Interest in Juneteenth waxes and wanes depending on the political climate, Kelly E. Navies, a museum specialist of Oral History at the National Museum of African American History and Culture, explained on the museum’s website. It reemerged during the Great Migration, spread throughout the United States, and reemerged during the Civil Rights Movement, she wrote.
In 2020, Juneteenth reached peak-popularity. And, last week, President Biden signed a bill that will make Juneteenth a federal holiday. There’s fruitful debate about whether this is an empty gesture (in light of more pressing issues like voter suppression, pandemic relief, and police reform). But for Black people in the United States, it’s an opportunity to celebrate and reflect on the ways we continue to push toward freedom. “At its very core, Juneteenth is this affirmation that we are here, and we will continue to be here,” Navies wrote. “We will continue to struggle in the face of many challenges.”
Just as the holiday calls attention to freedom and struggle, Black cyclists bring awareness to the joys and challenges Black bikers face. For example, a joint report presented by the League of American Bicyclists and the Sierra Club found that Black people are among the fastest-growing groups of bikers in the country, along with Asian and Latinx folks.
But the fatality rate for Black cyclists is 30 percent higher than it is for their white counterparts. This is due, in part, to infrastructure, Brown says, adding that there are very few bike lanes in Brownsville where she grew up.
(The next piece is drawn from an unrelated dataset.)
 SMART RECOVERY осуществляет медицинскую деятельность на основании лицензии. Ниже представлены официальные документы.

What’s more, a recent analysis in Bicycling examined traffic infractions in three major cities and found that Black cyclists are stopped, searched, ticketed, and arrested more frequently than white bikers.
So even though Good Co. Bike Club rides are more of a social bonding than political protest, members know that everyone's imagination expands when Black people take up space. Merely existing as a Black person pushes society forward. Sometimes that means ignoring the gentrifiers who think Black people only assemble to protest. But often, by being unapologetically joyful, we give other Black people permission to do the same. “It's important for the youth to see us, to see me on a bike,” Brown says. “I've seen young Black girls see me riding in my cute little outfits, and they're like ‘Oh, I want to be like her. I want to do that.’”
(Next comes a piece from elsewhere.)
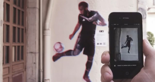 adidas et l’Olympique Lyonnais présentent « OL 3D »: une expérience mêlant football, mobile, street art, et se déroulant du 18 au 30 juillet 2012. Des affiches « street art » des joueurs de l’OL (à taille humaine) ont été dispersées dans la ville de Lyon. Grâce à l’appli mobile « OL 3D », les fans de l’OL peuvent « capturer » les joueurs grâce à une technologie de reconnaissance d’image, puis se lancer dans une série inédite de tirs au but en réalité augmentée mêlant réel et virtuel.
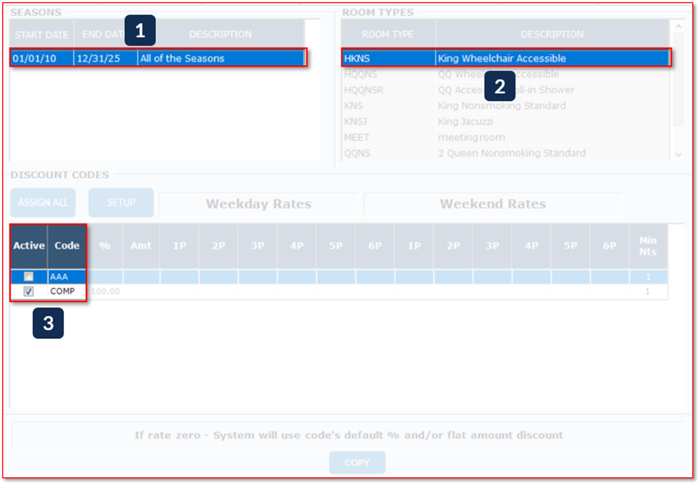 3. Select Active on the Discount codes you would like active for that selected room type during that selected season.

In just over a year, Good Co. Bike Club has gone from an informal hang to a robust and supportive community. The organization has donated bikes, worked with local politicians to make sure rides are safe, developed strategic partnerships to launch online bike tutorials, expanded diversity in the cycling space.
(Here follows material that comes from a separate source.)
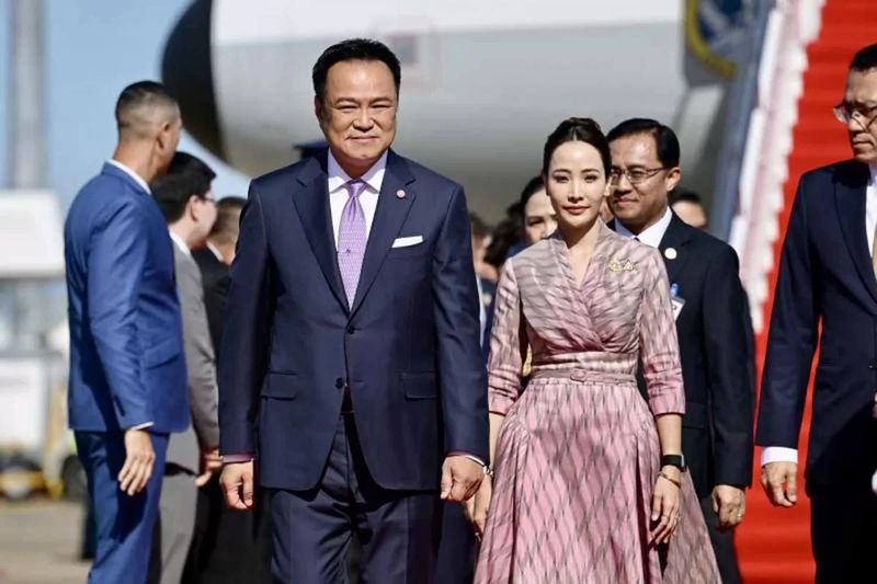 Premierminister Anutin Charnvirakul und seine Ehefrau Thananon Niramit treffen am 16. Oktober auf dem internationalen Flughafen Wattay in Vientiane, Laos, ein. (Foto: Regierungssitz)

But, whether you see Good Co. as a protest organization, a social club, Instagram goals, or a wellness movement, Good Co. Bike Club’s most radical achievement is that it consistently provides places where Black people can catch their breath, find community, and feel free. “We need progress, and we need empowerment for our people,” Joseph explains. “But the first thing that we want to bring to people is a place where they can feel safe.”